----- DATA EXCERPTS
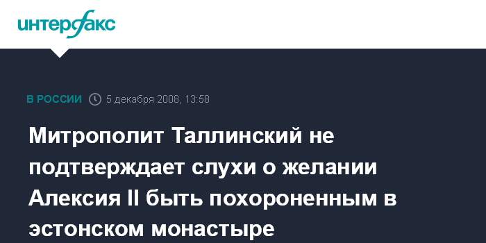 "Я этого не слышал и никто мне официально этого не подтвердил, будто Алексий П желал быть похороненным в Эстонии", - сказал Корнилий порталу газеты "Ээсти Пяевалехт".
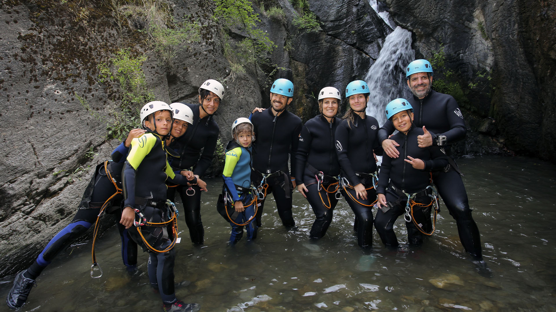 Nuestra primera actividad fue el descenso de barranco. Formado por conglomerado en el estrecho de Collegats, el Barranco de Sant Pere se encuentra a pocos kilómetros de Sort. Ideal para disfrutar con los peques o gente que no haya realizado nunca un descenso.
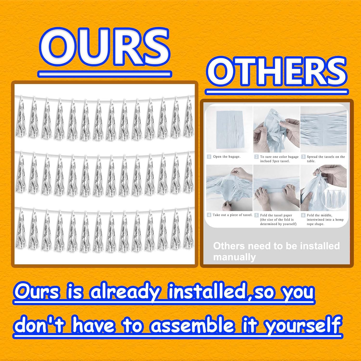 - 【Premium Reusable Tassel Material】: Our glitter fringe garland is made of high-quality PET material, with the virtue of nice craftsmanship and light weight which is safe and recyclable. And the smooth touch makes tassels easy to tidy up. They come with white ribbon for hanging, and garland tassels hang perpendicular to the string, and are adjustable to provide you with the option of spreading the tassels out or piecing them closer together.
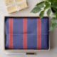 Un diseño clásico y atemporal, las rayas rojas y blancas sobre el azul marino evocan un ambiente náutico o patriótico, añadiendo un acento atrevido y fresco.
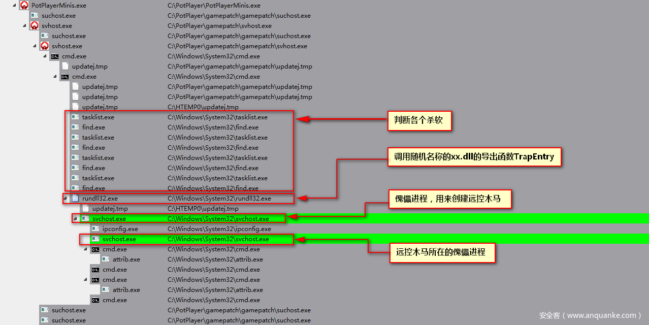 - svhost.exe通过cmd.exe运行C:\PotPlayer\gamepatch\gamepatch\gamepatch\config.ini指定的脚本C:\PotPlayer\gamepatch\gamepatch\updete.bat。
----------
AIM OF THE EXERCISE: These entries are to be printed again word for word, except for the pictures.

EXERCISE OUTPUT:
 "Я этого не слышал и никто мне официально этого не подтвердил, будто Алексий П желал быть похороненным в Эстонии", - сказал Корнилий порталу газеты "Ээсти Пяевалехт".
 Nuestra primera actividad fue el descenso de barranco. Formado por conglomerado en el estrecho de Collegats, el Barranco de Sant Pere se encuentra a pocos kilómetros de Sort. Ideal para disfrutar con los peques o gente que no haya realizado nunca un descenso.
 - 【Premium Reusable Tassel Material】: Our glitter fringe garland is made of high-quality PET material, with the virtue of nice craftsmanship and light weight which is safe and recyclable. And the smooth touch makes tassels easy to tidy up. They come with white ribbon for hanging, and garland tassels hang perpendicular to the string, and are adjustable to provide you with the option of spreading the tassels out or piecing them closer together.
 Un diseño clásico y atemporal, las rayas rojas y blancas sobre el azul marino evocan un ambiente náutico o patriótico, añadiendo un acento atrevido y fresco.
 - svhost.exe通过cmd.exe运行C:\PotPlayer\gamepatch\gamepatch\gamepatch\config.ini指定的脚本C:\PotPlayer\gamepatch\gamepatch\updete.bat。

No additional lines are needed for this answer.